A 42-year-old female with ovarian cancer, receiving adjuvant treatment, was referred to me for pain assessment and management. Following assessment, my impression was that she was suffering from bilateral leg pain, likely neuropathic in origin. She related to this pain as a paclitaxel-related side effect, which is unusual but not impossible.
This lady tried a range of different opioids from which she developed unacceptable side effects. Anti-convulsants were also tried in managing her pain with no desired pain relief as result. She found it increasing difficult to care for her three young children, and her husband was becoming increasingly more frustrated about her pain issues.
Amongst all the difficulties in gaining appropriate pain control, her GP prescribed Pethidine IM, which she now requires on a daily basis. Pethidine is her drug of choice as it provides her with good pain relief for a short time with few side effects. I educated this lady on the long-term effects of chronic Pethidine use and coordinated with her GP to consider the use of methadone in addition to psychotherapy in managing her pain.

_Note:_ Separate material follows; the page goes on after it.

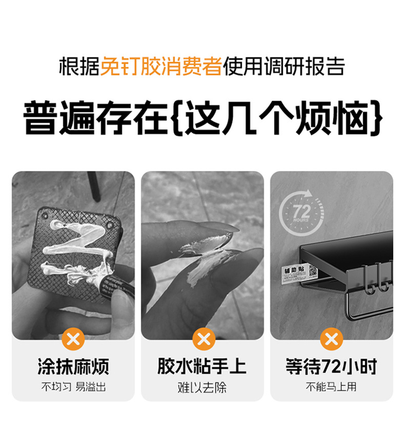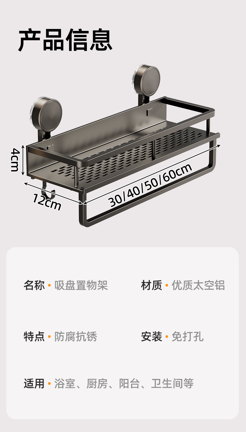 • [흡착컵] 샤오미 수납선반 두꺼운 건그레이 60cm [후크와 막대 포함]
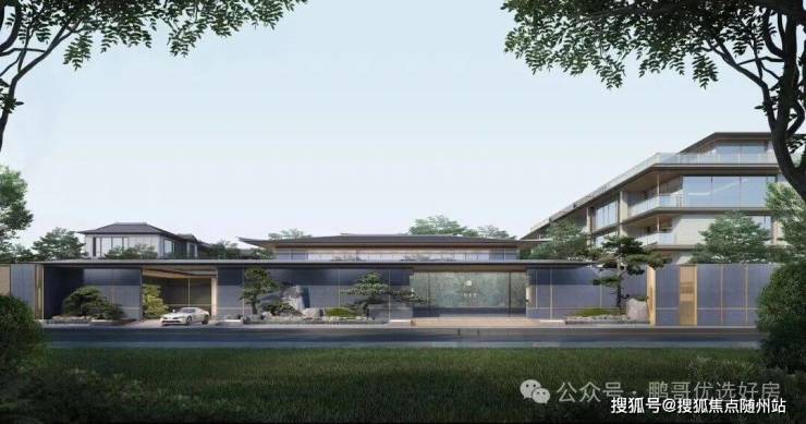 约50米宽的“隐奢”大门是序章;园林是项目灵魂,设计运用宋代山水画,打造“一轴一带八景十巷”的多进式游园体系,真正做到步移景异,窗窗成画;外立面采用香槟金铝板、蓝眼睛石材与玻璃幕墙,融入歇山重檐、纳福悬鱼、黛墨青瓦等宋式元素,实现古今交融;小区还规划约2000㎡下沉式会所,配备恒温泳池、健身房、私宴厅、儿童区,将成为业主专属的高端社交与休闲场域。

In managing cancer pain, do we need to reframe our thinking around chronic opioid therapy, particularly when a patient is not dying? Do we recognize that there are both benefits and risks to long-term opioid therapy? What is our role in assessing and screening for psychosocial distress and opioid dependency? In approaching a patient and her problems, what is actually guiding our practice?
Attitudes toward opioid use has changed over the last two decades. Twenty years ago, pain relief was delivered to the dying, and then the process changed to pain relief delivery to cancer patients. Nowadays, pain relief is also administered to patients suffering from chronic, non-malignant diseases. Emerging evidence tells us the picture is getting more complicated. Today we consider denial of pain relief as unethical. Fifty out of 206 countries have legalized opioids for cancer pain.
Evidence is telling us that opioid treatment of acute and progressive cancer pain is appropriate and effective. So is the delivery of pain management for someone who is dying. For chronic, short-term use, opioids are effective and have little risk of adverse outcomes. Emerging evidence tells us that long-term opioid use can worsen pain over time, the recipient will utilize healthcare more, she is less likely to return to work, and chronic opioid use can be an independent mortality risk factor.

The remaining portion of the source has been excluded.